Biochar is produced from organic resources. In the past, these agricultural and forestry wastes could not be fully utilized, and allowing them to decompose naturally would release greenhouse gases such as methane. Converting biomass waste into biochar and using it can not only reduce landfills, but also achieve a closed loop of material utilization. The use of biochar in the construction industry helps support the principles of a circular economy and promote sustainable development.
 

Biochar in Construction Materials

 

Biochar-Cement Composites

Cement is one of the most carbon-intensive materials in the construction industry and accounts for a large portion of global CO2 emissions. Adding biochar to cement has the potential to reduce these environmental impacts. Biochar can be used as a partial cement replacement or filler, and its porous structure aids in internal curing, minimizing shrinkage and cracking. Studies have shown that adding just 4% biochar to cement can increase the material's compressive strength while sequestering up to 0.12 kg of CO2 per kg of cement.
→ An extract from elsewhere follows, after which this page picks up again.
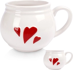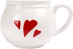 Stilfuldt hvidt keramisk krus med reliefprægede røde hjerter og ergonomisk hank er ideelt til hverdagens kaffe, te og kakao. Det tilbyder kapacitet 430 ml, holdbar udførelse, mulighed for opvask i opvaskemaskine og brug i mikrobølgeovn. Det er også perfekt til gløgg, og takket være det romantiske design er det en fremragende gave.

These composites are ideal for high-performance applications, such as ultra-high performance concrete, while also reducing the overall carbon footprint of the construction process.
 

Biochar-Asphalt Composites

Road construction is another area where biochar can be used. When added to asphalt, biochar enhances resistance to rutting, especially at high temperatures, making roads more durable under heavy traffic. It also slows down oxidative aging, a common cause of pavement deterioration. Asphalt infused with biochar maintains its flexibility and stability over time, which reduces maintenance requirements and extends the life of the road. Additionally, using biochar in road construction helps recycle biomass waste, reduces reliance on petroleum-based additives, and meets the goal of sustainable infrastructure.
 

Biochar-Polymer Composites

Biochar can be used as a sustainable alternative to traditional fillers such as carbon black in polymer-based building materials. It is able to enhance the mechanical properties of plastics, including tensile strength, elongation, and flexural properties. In addition, the addition of biochar can also improve the thermal stability of polymers, making them more suitable for applications that require flame retardancy or high temperature resistance.  

Biochar-Based Stucco

Biochar can be mixed with clay, lime, or cement at up to 80% to create environmentally friendly stucco. Due to the porous structure of biochar, these stuccos are much lighter than traditional stuccos and have excellent thermal insulation and moisture regulation properties.
 

Biochar Bricks, Tiles and Concrete

Biochar can be incorporated into a variety of masonry products, including bricks, tiles and concrete blocks. When mixed with a binder such as cement or lime, biochar can increase the compressive and tensile strength of bricks. For example, bricks made from a 50/50 blend of biochar and high-density polyethylene (HDPE) have a compressive strength of up to 20 N/mm², far exceeding the performance of conventional bricks. In addition, these biochar bricks also have increased thermal insulation and hardness, and reduced water absorption, making them ideal for energy-efficient and durable building envelopes.
 

Biochar production: opening possibility in the construction industry

One of the main advantages of modern biochar production is that the process is controllable. You can precisely adjust parameters such as pyrolysis temperature, residence time, and heating rate to tailor the physical and chemical properties of the resulting biochar. This level of control can optimize properties such as biochar porosity, surface area, and carbon content, making it particularly suitable for use as an additive to building materials. From improving the strength or insulation of concrete to promoting carbon-negative building solutions, biochar offers unique advantages that align with the future of sustainable construction.